Fig. 5: Cav1 silencing attenuates CCM3 loss-augmented Tie2 signaling and lumen enlargement in in vitro models.

HBMVECs were transfected with indicated siRNAs for 72 h. a Co-immunofluorescence staining with Tie2 and Cav1. Arrows and arrowheads indicate membrane and intracellular Tie2/Cav1, respectively. b, c Cav1 co-silencing attenuates Tie2 expression. Western blotting for Cav1-Tie2 signaling. Relative protein levels and p-Tie2/Tie2 ratios were quantified by taking Ctrl siRNA as 1.0. n = 3. d, e Biotinylation assay for cell surface and endocytic Tie2. Aliquot of input (1/5) was loaded as controls. Relative surface and endocytic Tie2 were quantified by taking Ctrl siRNA as 1.0. n = 3. f, g Tie2 stability was determined by cycloheximide (CHX) treatment followed by western blot with respective antibodies. The samples were derived from the same experiment and that gels/blots were processed in parallel. Relative protein levels were quantified by taking Ctrl siRNA as 1.0. n = 3. h Immunofluorescence staining with Tie2 and Lamp1. Arrows and arrowheads membrane-localized and lysosomal Tie2, respectively. High-power images of Tie2/Lamp1 co-localization are shown at bottom. i, j Adherens junctions (AJ) and tight junctions (TJ) were visualized by immunostaining, and percentages of disrupted (discontinuous) junctions are quantified in panel (j) (10 microscope fields in each group), n = 3. k Barrier function of ECs cultured on fibronectin-coated ECIS was assessed for transendothelial electric resistance (TEER; expressed as Ohms multiplied by cm²). n = 12 wells per group. l, m Organotypic angiogenesis assay in the absence or presence of Tie2 inhibitor Rebastinib (1 μM).

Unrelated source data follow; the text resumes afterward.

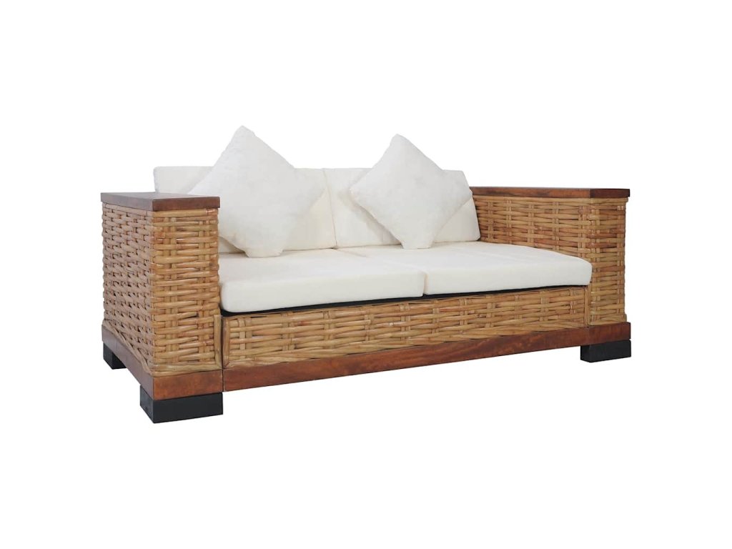 2dílná sedací souprava s poduškami hnědá přírodní ratan 278618
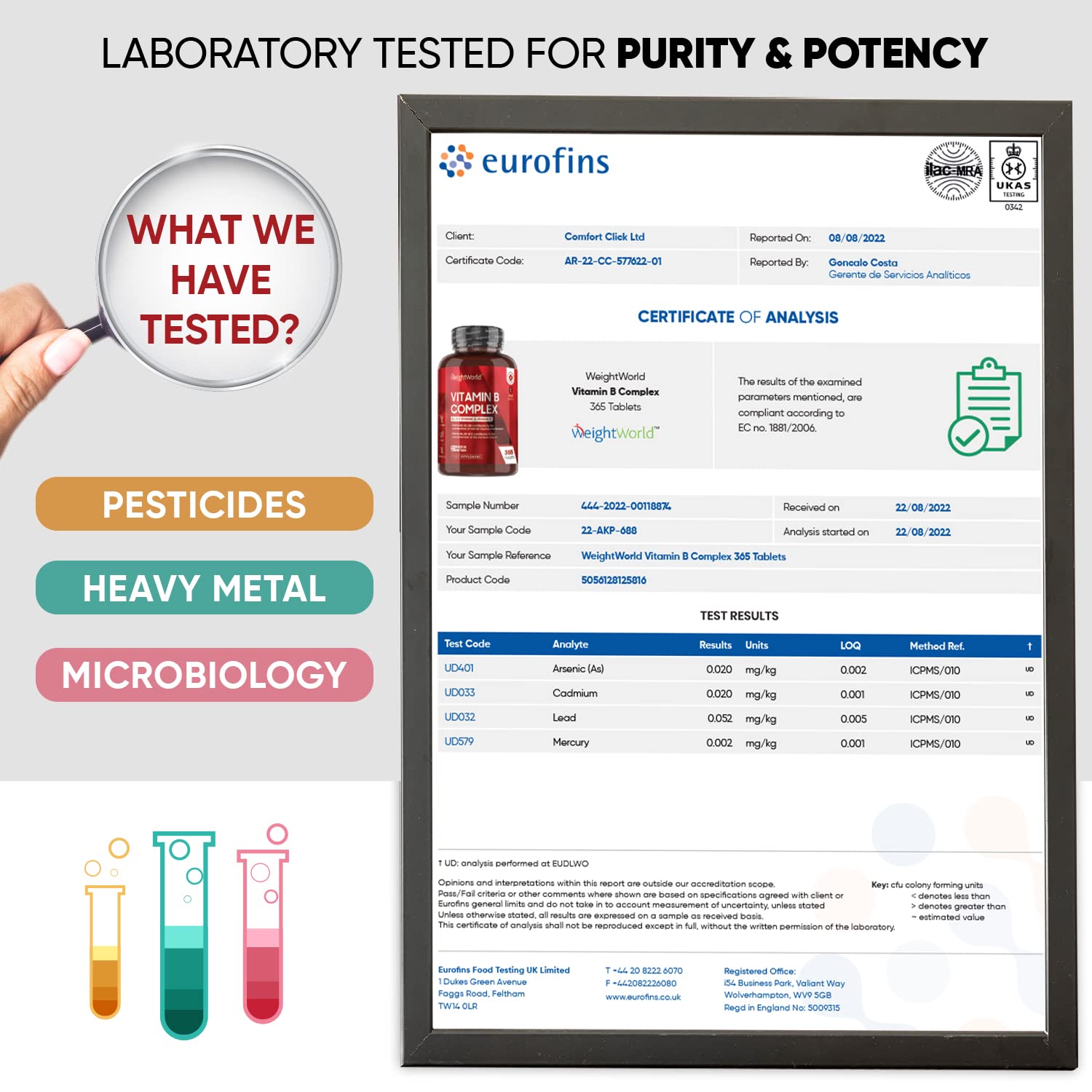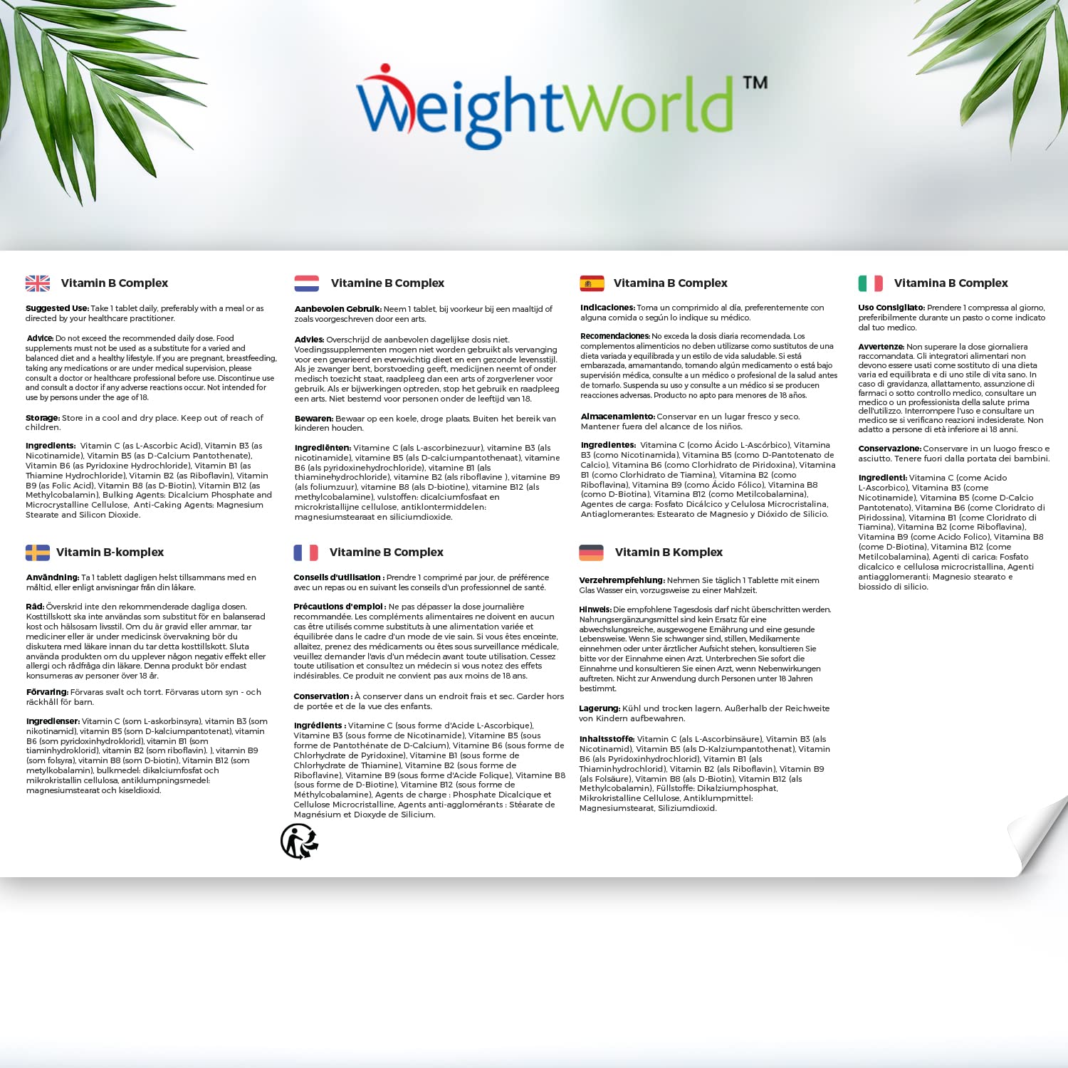 HIGH STRENGTH VITAMIN B COMPLEX WITH VIT C - Every tablet of WeightWorld's Vit B Complex contains a proprietary blend of 8 B Vitamins: Vitamins B1 (Thiamin), B2 (Riboflavin), B3 (Niacin), B5 (Pantothenic Acid), B6 (Pyridoxine Hydrochloride), B7 (Biotin), B9 (Folic Acid), and B12 Vitamin (Methylcobalamin). Furthermore, our Vitamin B tablets comes with high strength vitamin C for added benefits.ENERGY, IMMUNE SUPPORT & OVERALL HEALTH SUPPLEMENT - Riboflavin (Vitamin B2) contributes to normal energy-yielding metabolism. Biotin contributes to the maintenance of normal hair and skin. Vitamin B12 contributes to normal functioning of the nervous system and psychological function. Vitamin B12 contributes to the reduction of tiredness and fatigue and to normal function of the immune system. (EFSA).FULL YEAR SUPPLY OF SUPER B COMPLEX TABLETS - Our each bottle of B complex vitamins high strength contains 365 micro-tablets, so you won't need to re-order again for at least a year. Also, you no more need to buy biotin tablets, folic acid tablets, folate supplements or B12 supplement or immune system vitamins separately, our Vitamin B Complex delivers all the essential vitamins into one.BRITISH MADE, HIGH QUALITY - Our high potency Vitamin B complex is made RIGHT HERE in the UK in GMP certified facilities, so you are safeguarded by the highest standards in the world. Our vegan vitamin b complex is free of GMOs, artificial colours, flavours and allergens such as Gluten, Wheat, Lactose, Nuts and Nut Traces.WHY CHOOSE WEIGHTWORLD? - A British grown family business with over 15 years of experience in health and wellness supplements and devices, we have dedicated ourselves to sourcing the highest quality natural ingredients and safe electrical components for our customers. We create UK Made, GMP certified products aimed at promoting a healthier body & mind for you and your family.More Info
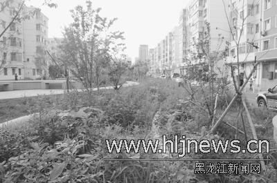 隨后,記者沿著安紅街一直向道里區(qū)愛建方向走去,發(fā)現(xiàn)沿途綠化無人修剪,幾棵枯死的樹成了市民的晾衣桿。因無人管理,綠地已變得荒草叢生,有的雜草都長到半米多高了。
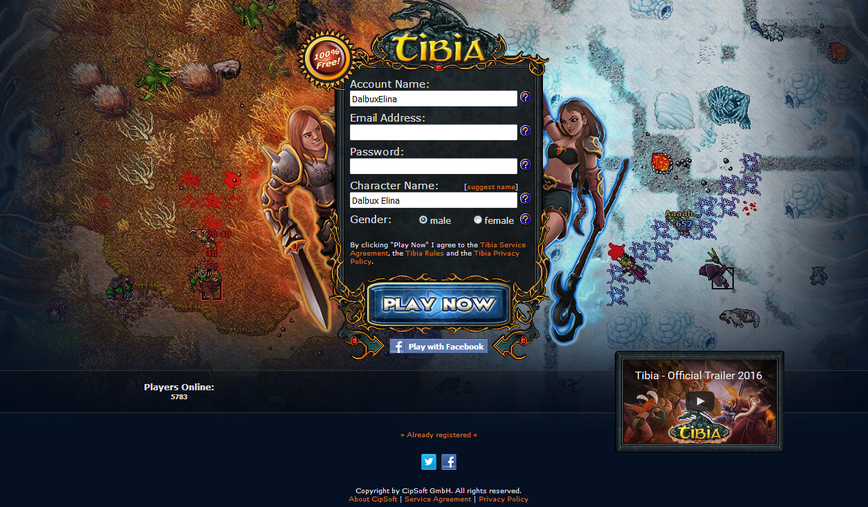 link para el registro de la pagina oficial de tibia
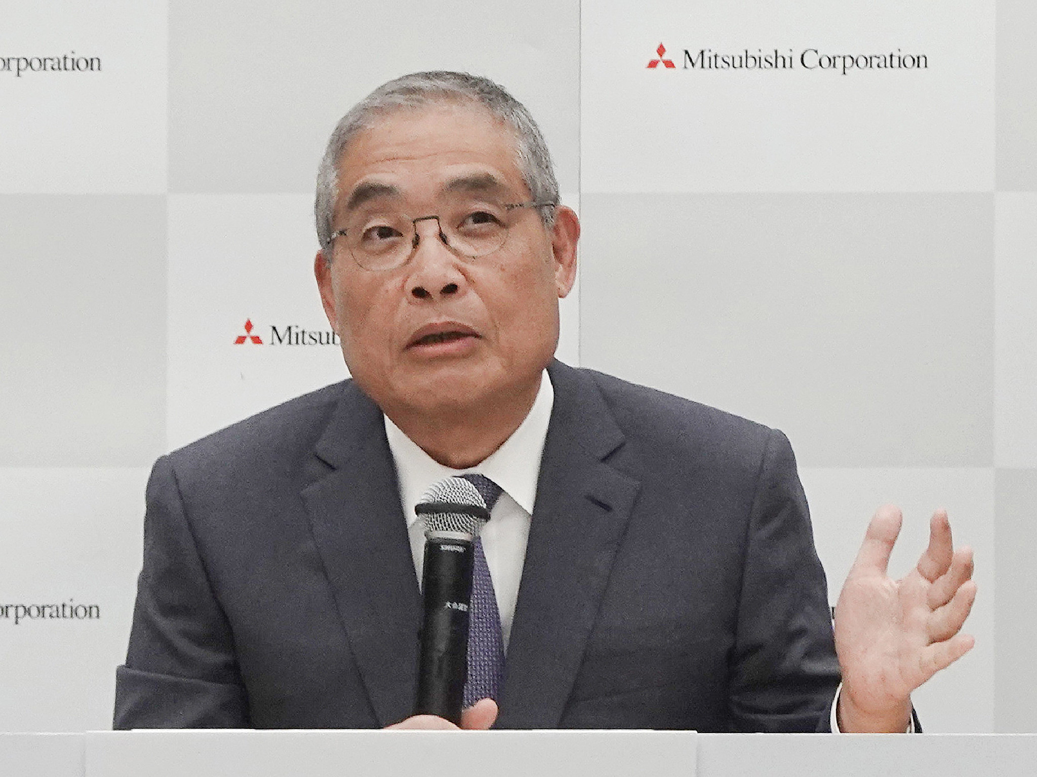 三菱商事は16日、米国南部のシェールガス事業に参画すると発表した。写真は記者会見する中西勝也社長=同日午後、東京都千代田区
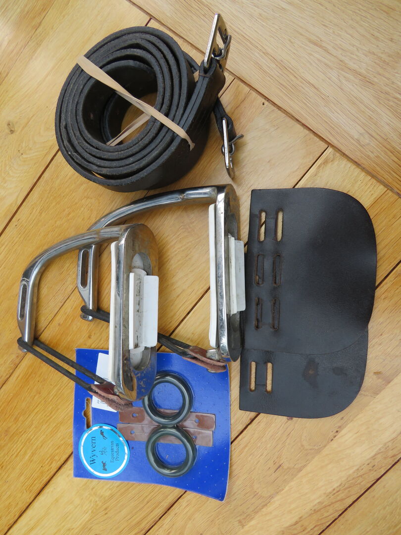 Sicherheitssteigbügel mit Ersatz-Pfauenringen und -Ledern
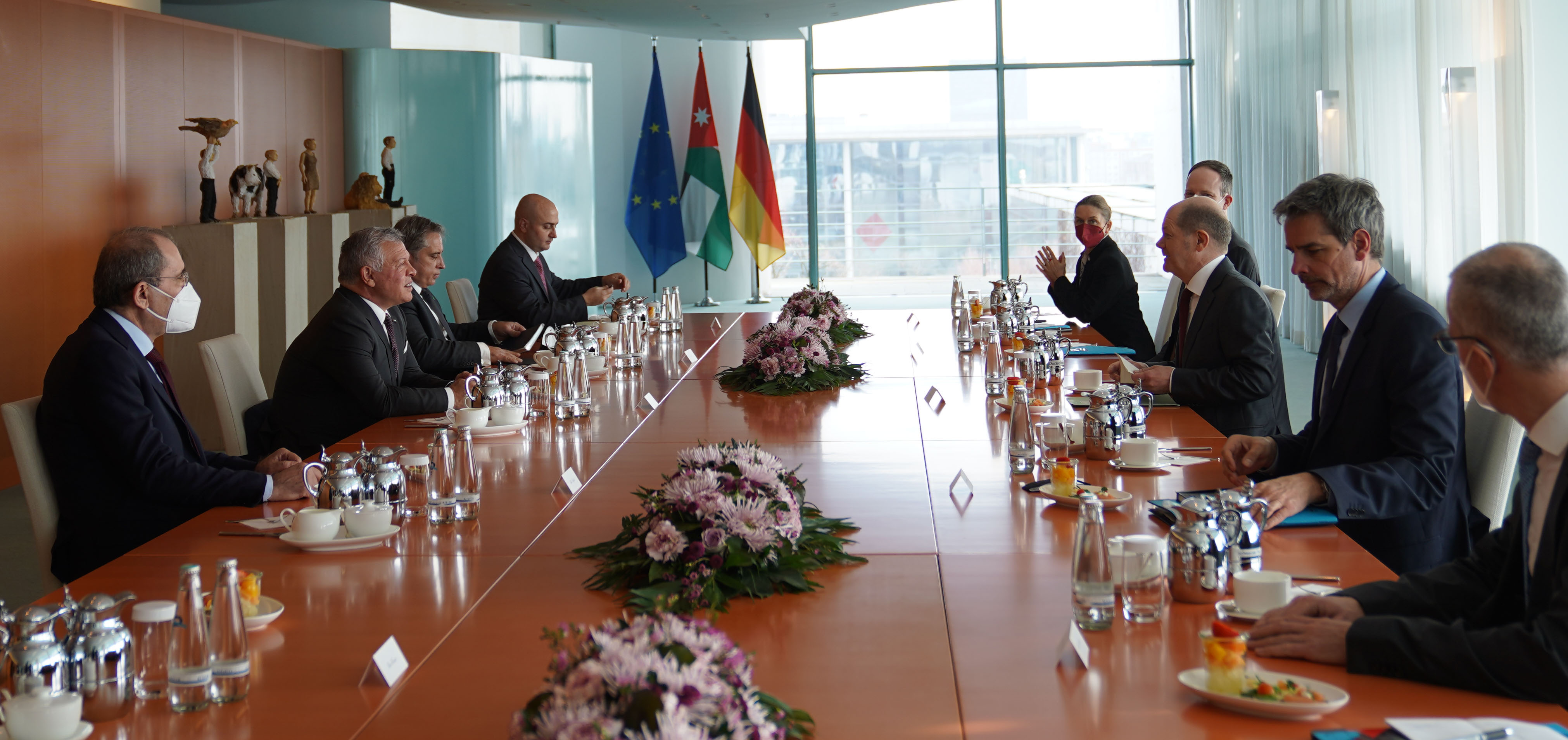 الملك يجري مباحثات مع المستشار الألماني شولتس ( صور ) On مارس 15, 2022 Share وكالة الناس – اجرى جلالة الملك عبدالله الثاني اليوم الثلاثاء مباحثات مع المستشار الألماني أولاف شولتس في مقر المستشارية الألمانية في برلين.
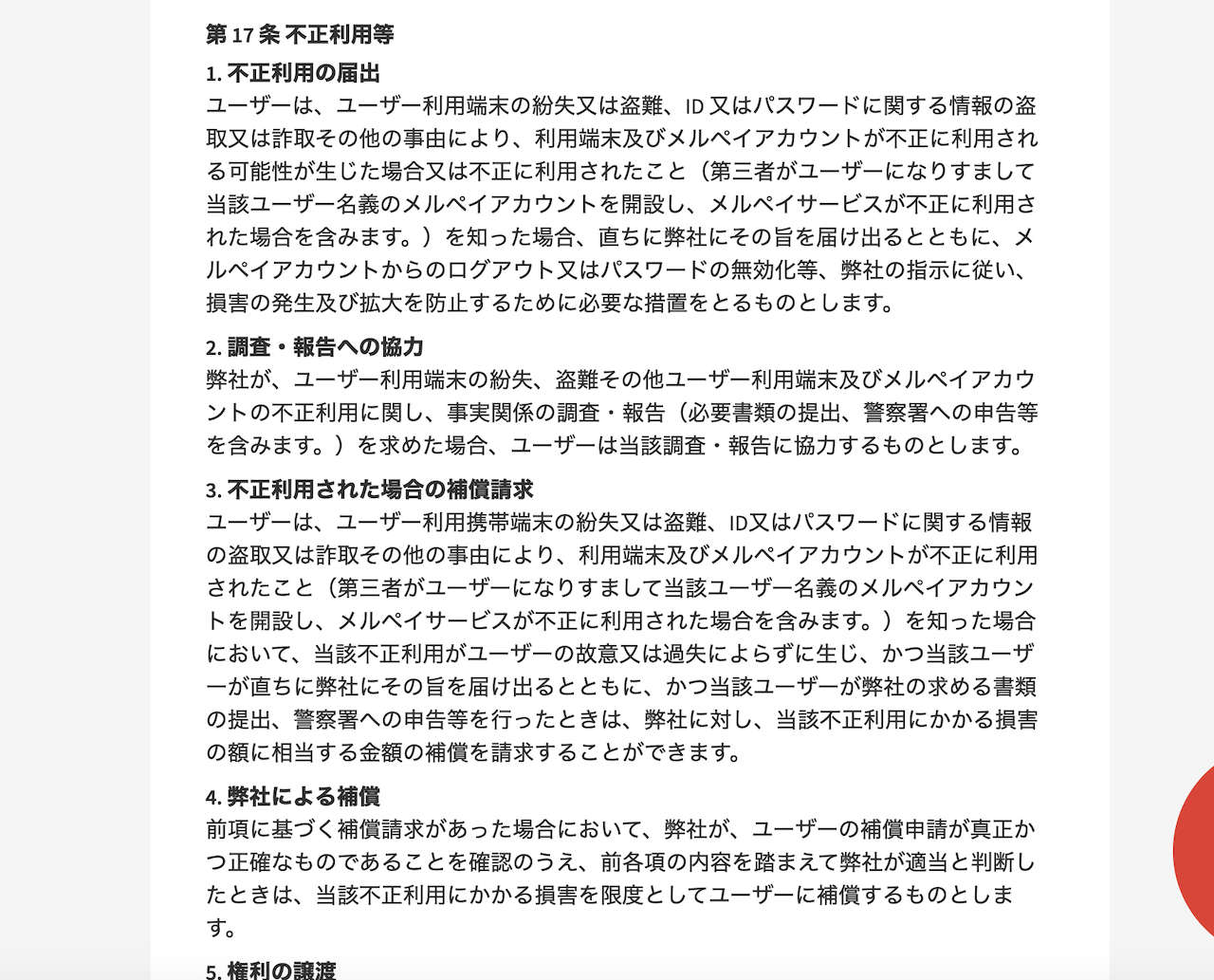 メルペイは、2019年8月15日に利用規約を改定し、不正利用時の補償について明記しました。所定の手続きを行った上で、損害額を請求できるとされています。ただし、ユーザー側の管理に責任がある場合には、補償の対象になりません。
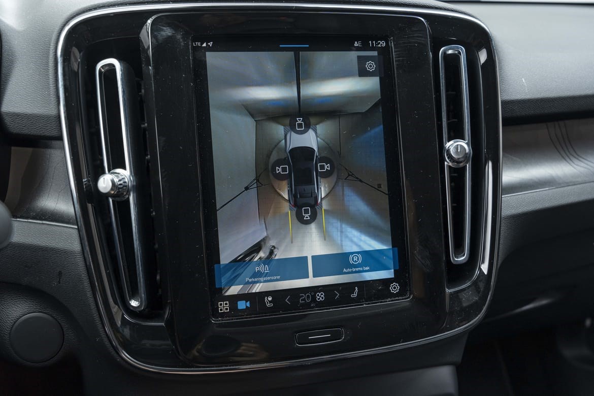 - kamerateknologien viser deg bilen din og omgivelsene i høy oppløsing i fugleperspektiv – svært nyttig når du rygger eller manøvrerer på trange steder med begrenset sikt. Systemet bruker fire kameraer: to ved sidespeilene, ett i fronten og ett bak. Hvis du berører et kamerabilde på senterdisplayet, vises det et bilde fra bare det kameraet. Det bakre kameraet kan også gi deg et forstørret bilde av området rett bak bilen, noe som er særlig praktisk når du kjører med tilhenger.
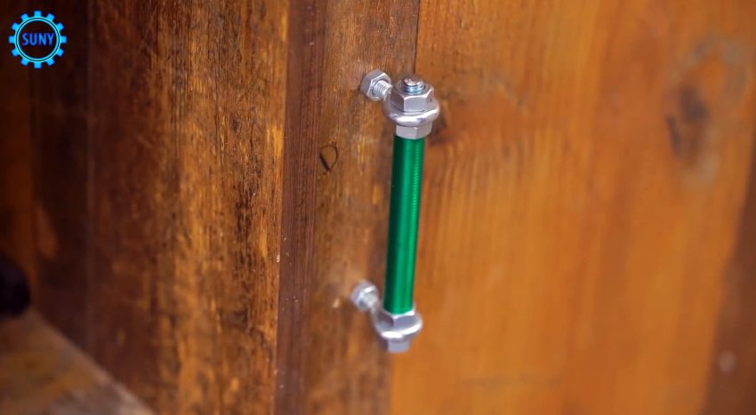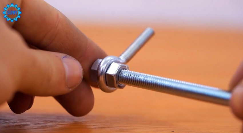 Для изготовления ручки возьмите отрезок резьбовой шпильки, и двумя гайками зажмите на ее конце болт с кольцом. Затем наденьте на резьбу шпильки трубку или шланг. После этого аналогично закрепляем болт с кольцом на другой стороне.

EC sprouts and lumens were visualized by VE-cadherin and extracellular matrix collagen-IV staining. Arrows and arrowheads indicate normal lumen and dilated lumen, respectively. Number of branch points, mean lumen diameter, and lumen areas are quantified (m). All experiments were repeated at least three times. n = 10. Data are means ± SEM. P values are indicated, one-way ANOVA followed by Tukey’s multiple comparisons test (b, c, d, e, j, k, m); two-way ANOVA followed by Tukey’s multiple comparisons test (g). Scale bar: 20 μm (a, h, i); 100 μm (l). Source data are provided as a Source data file.